SUBJECTS AND METHODS

Study subjects

In order to investigate the correlation between fetal environment and adult diseases, an ongoing birth cohort has been established in 2001 at Ewha Womans University Mok-Dong Hospital. Pregnant women are enrolled in the antenatal period during the second trimester. Detailed description for birth cohorts has already been reported elsewhere [15]. The Institutional Research Board on human subjects at Ewha Womans University approved the protocol and informed consents were obtained. Out of 734 children enrolled in the birth cohort, 527 children were contacted from November of 2005 to November of 2007 around their third birthday. Out of the 527 children contacted, 238 children (45.2%) participated in the three year check-up program.

Data

Birth data such as birth date, sex, gestational age, birth weight, and placenta weights were obtained from medical records. As routine definition, < 37 weeks of gestation age and < 2.5 kg of birth weight were defined preterm and low birth weight, respectively.

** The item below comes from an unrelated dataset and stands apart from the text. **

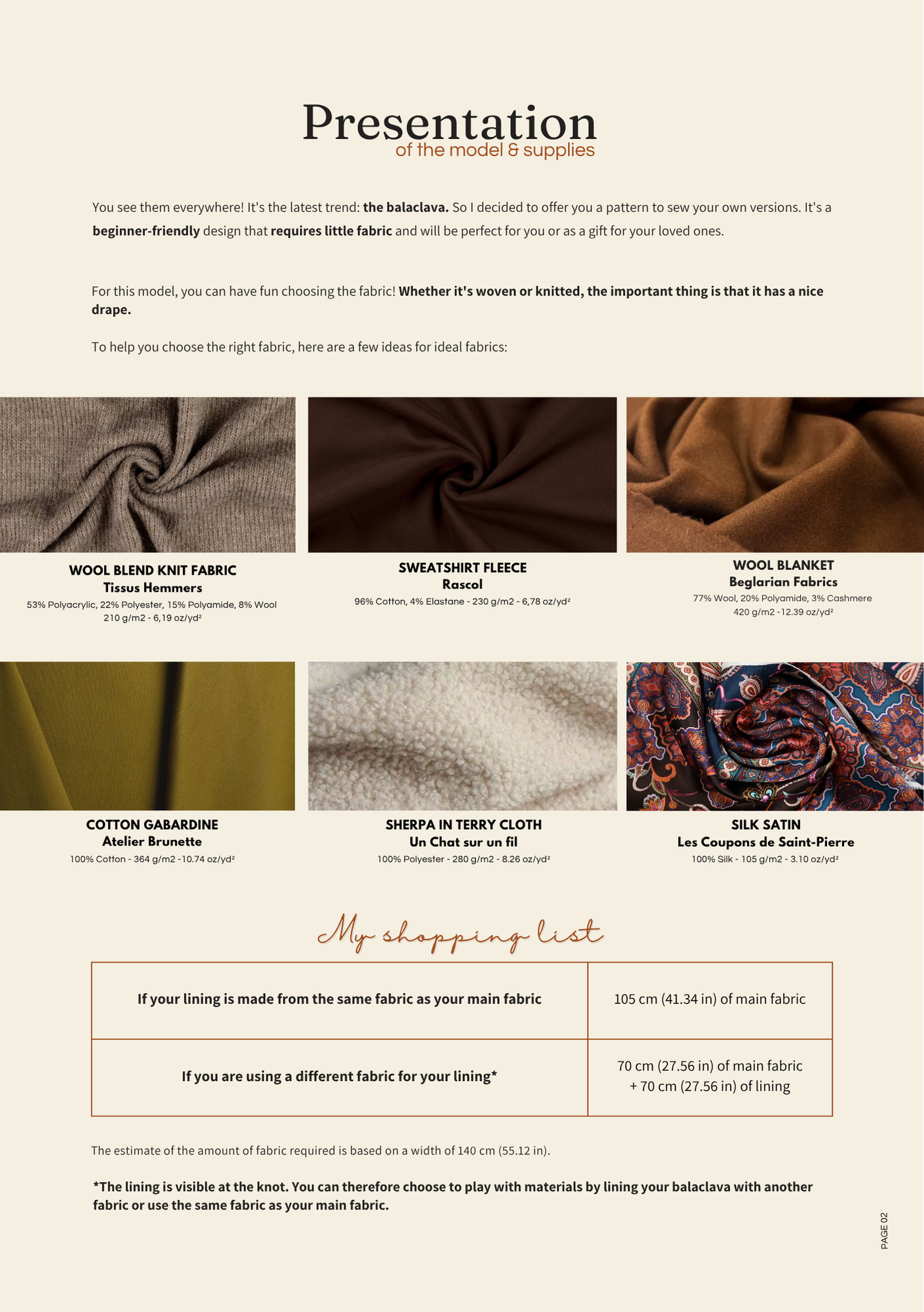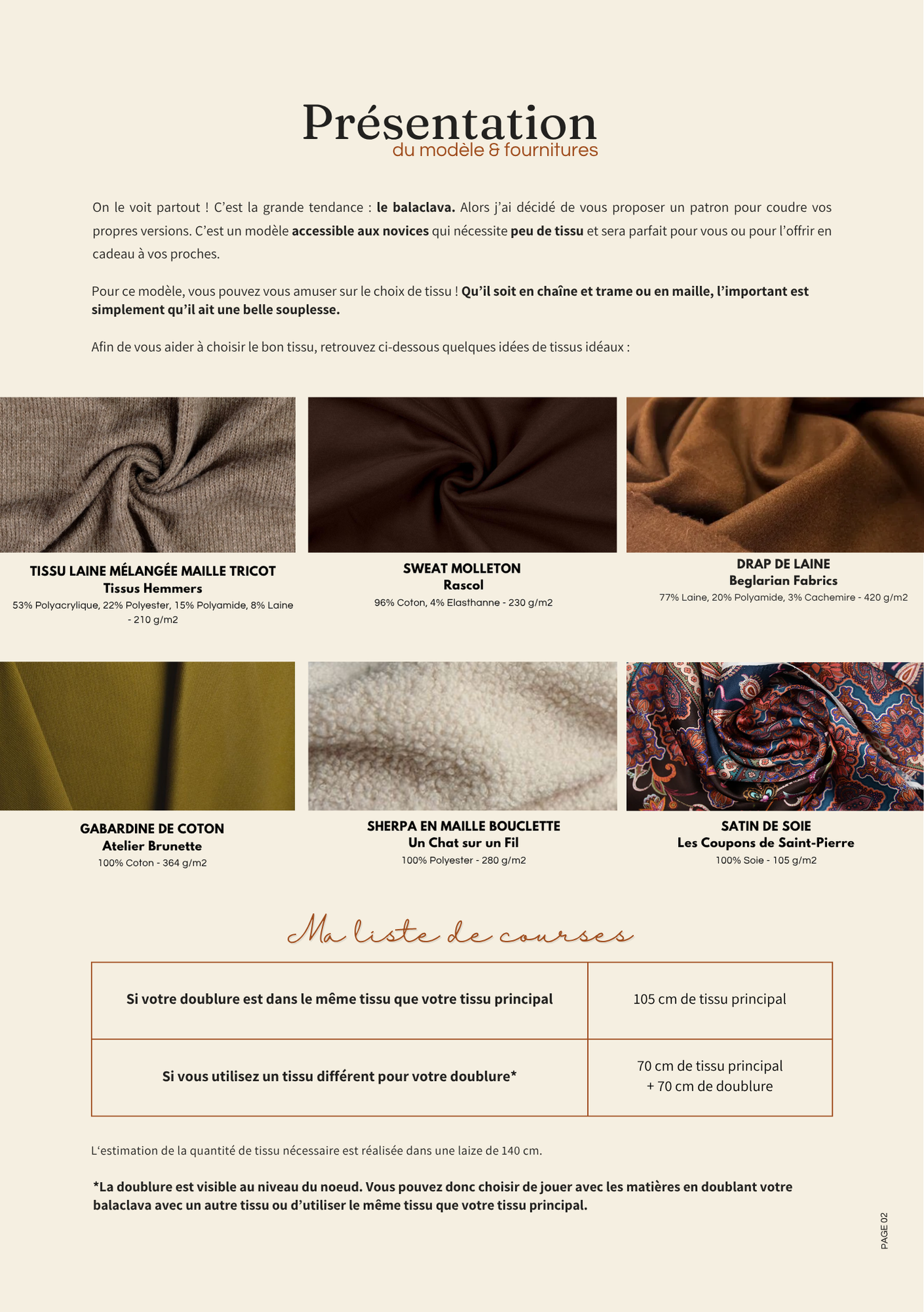 It's everywhere! It's the big trend: the balaclava. So I decided to offer you a pattern so you can sew your own versions. It's a beginner-friendly design that requires very little fabric and will be perfect for you or as a gift for loved ones. Plus, you can have fun choosing your fabric! Whether it's woven or knitted, the important thing is simply that it has a nice drape.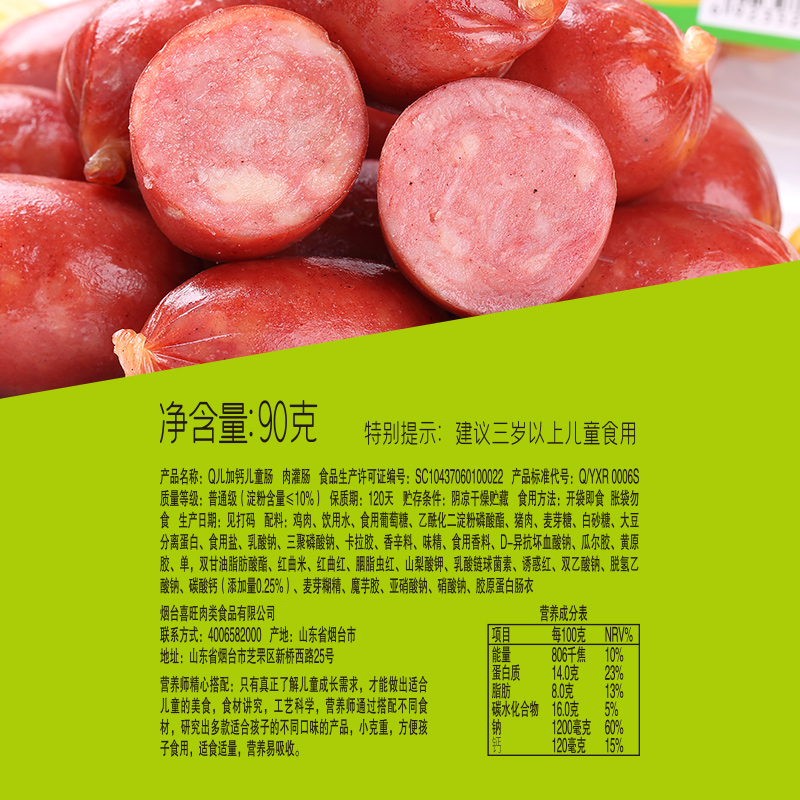 Joywan Q Pediga Calcium Children Intestines 90g * 10 Bags Pork Sausage Fire Leg Sausage Grilled Sausage Ready-to-eat Snacks Small Sausage Food

At the three year check-up program, all anthropometric indicators were measured by well-trained examiners. Height and weight were measured to one decimal place while wearing light clothing and without shoes using a stadiometer and calibrated scale (DS-102 model, Dong Sahn Jenix Co. Ltd, Seoul, Korea). Waist circumferences, upper-arm circumferences, skinfold thickness, and hip circumference were also measured as anthropometric indicators for adiposity. Body mass index was calculated as weight in kilograms divided by height in meters squared (kg/m²). To convert into z score, age was calculated in months. The birth weight and current weight were transferred to an age- and gender- specific z score criteria reference source from the 2007 Korean Children and Adolescents Growth Standards [16]. To explain the postnatal growth, the change of weight z score was calculated by subtracting the birth weight z score from the current weight z score. Catch-up growth was defined as greater than 0.67 (equal to 75^th percentile) at current weight z score if born preterm or of low birth weight and others with a change of weight z score more than 0.67 [16].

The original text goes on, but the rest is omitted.